_AIM OF THE EXERCISE_
Starting at the line that contains "A 64,5 m2 alapterületű, boltíves", write out each line through the end of the data below, exactly as it stands. Skip any pictures.

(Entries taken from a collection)
★ ★ ★ ★
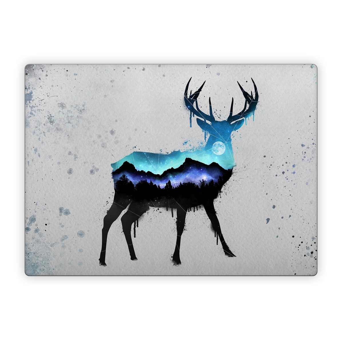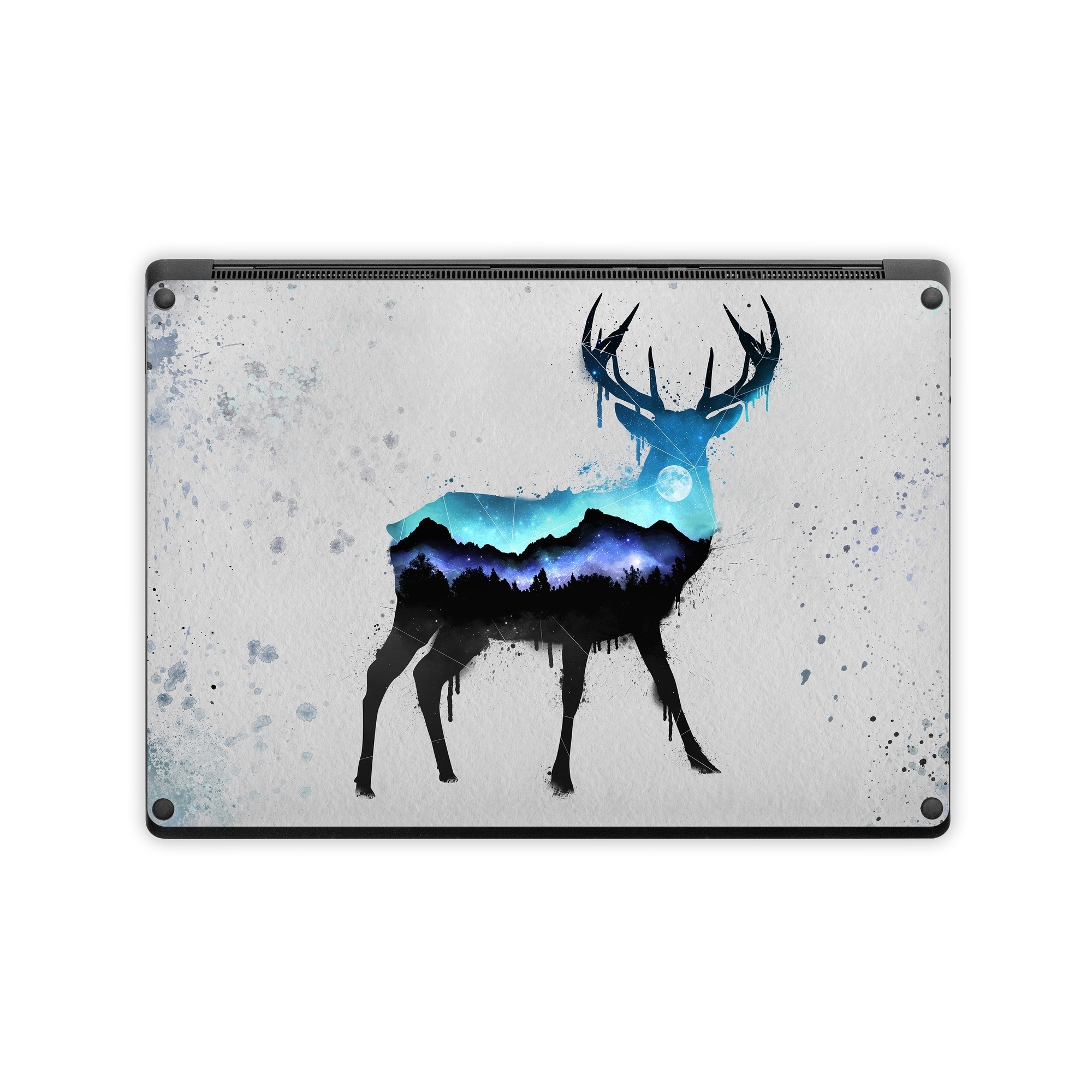 iStyles Microsoft Surface Laptop Series Skin design of Reindeer, Deer, Illustration, Watercolor paint, Art, Elk, Wildlife, Drawing, Paint, Graphics, with gray, black, blue, purple, white colors, and tagged with animals, nature, space, animals, deer, moon, nature, night, stars, watercolor.
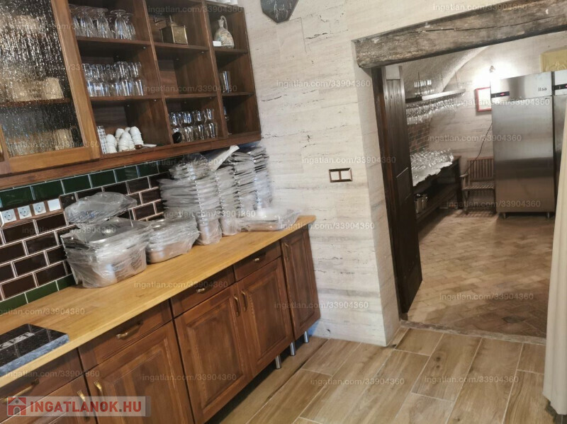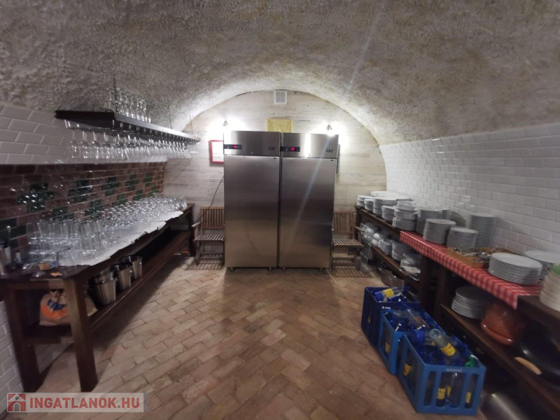 A 64,5 m2 alapterületű, boltíves pincén kívül az épület ezen szárnyában kialakításra került egy tálaló, egy mosogató rész, valamint egy WC.
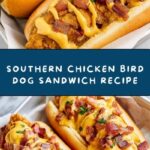 The Southern Chicken Bird Dog Sandwich is a delicious and hearty sandwich featuring crispy breaded chicken tenders, smoky bacon, and melted sharp cheddar cheese served in a soft hot dog bun. This quick and satisfying meal combines classic Southern flavors with an easy assembly, perfect for a casual lunch or dinner.
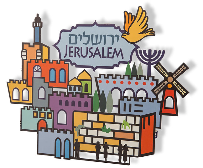 קישוט קיר -מגזרת מתכת צבעונית ירושלים / Jerusalem
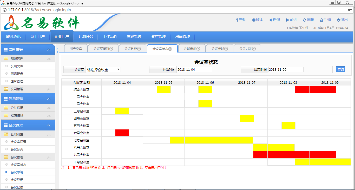 会议管理 会议室状态,会议申请,会议登记,会议记录
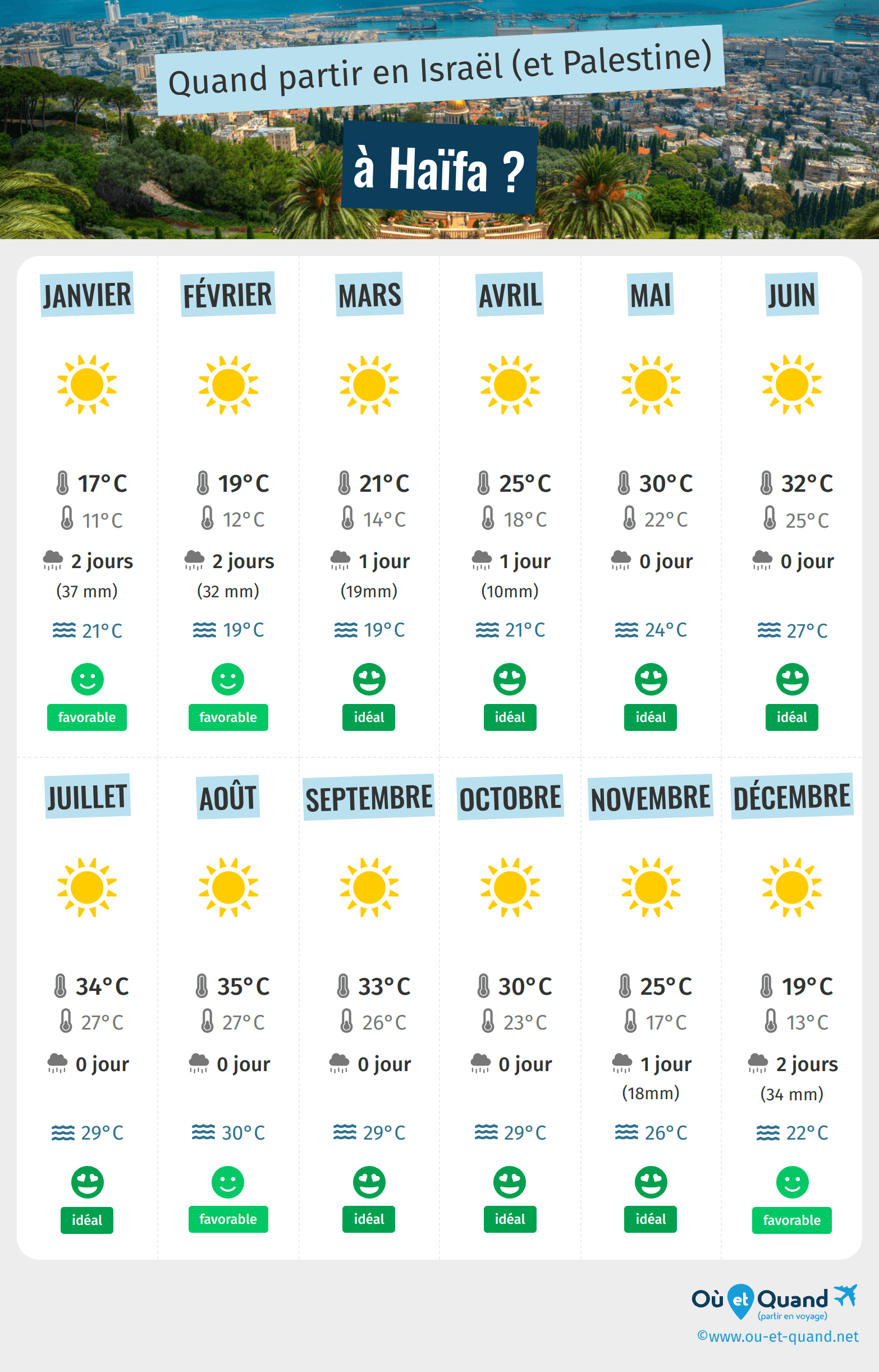 La température maximale à Haïfa est en moyenne de 27°C sur l'année (de 17°C en janvier à 35°C en août). Il pleut 162mm sur l'année, avec un minimum de 1mm en août et un maximum de 37mm en janvier. Le climat est agréable pour partir en voyage à Haïfa toute l'année, mais la météo est vraiment idéale de Mars à Juillet et de Septembre à Novembre. Pour se baigner, la meilleure période pour une température de l'eau convenable est de Juillet à Octobre.
★ ★ ★ ★
_FINISHED EXERCISE_
 A 64,5 m2 alapterületű, boltíves pincén kívül az épület ezen szárnyában kialakításra került egy tálaló, egy mosogató rész, valamint egy WC.
 The Southern Chicken Bird Dog Sandwich is a delicious and hearty sandwich featuring crispy breaded chicken tenders, smoky bacon, and melted sharp cheddar cheese served in a soft hot dog bun. This quick and satisfying meal combines classic Southern flavors with an easy assembly, perfect for a casual lunch or dinner.
 קישוט קיר -מגזרת מתכת צבעונית ירושלים / Jerusalem
 会议管理 会议室状态,会议申请,会议登记,会议记录
 La température maximale à Haïfa est en moyenne de 27°C sur l'année (de 17°C en janvier à 35°C en août). Il pleut 162mm sur l'année, avec un minimum de 1mm en août et un maximum de 37mm en janvier. Le climat est agréable pour partir en voyage à Haïfa toute l'année, mais la météo est vraiment idéale de Mars à Juillet et de Septembre à Novembre. Pour se baigner, la meilleure période pour une température de l'eau convenable est de Juillet à Octobre.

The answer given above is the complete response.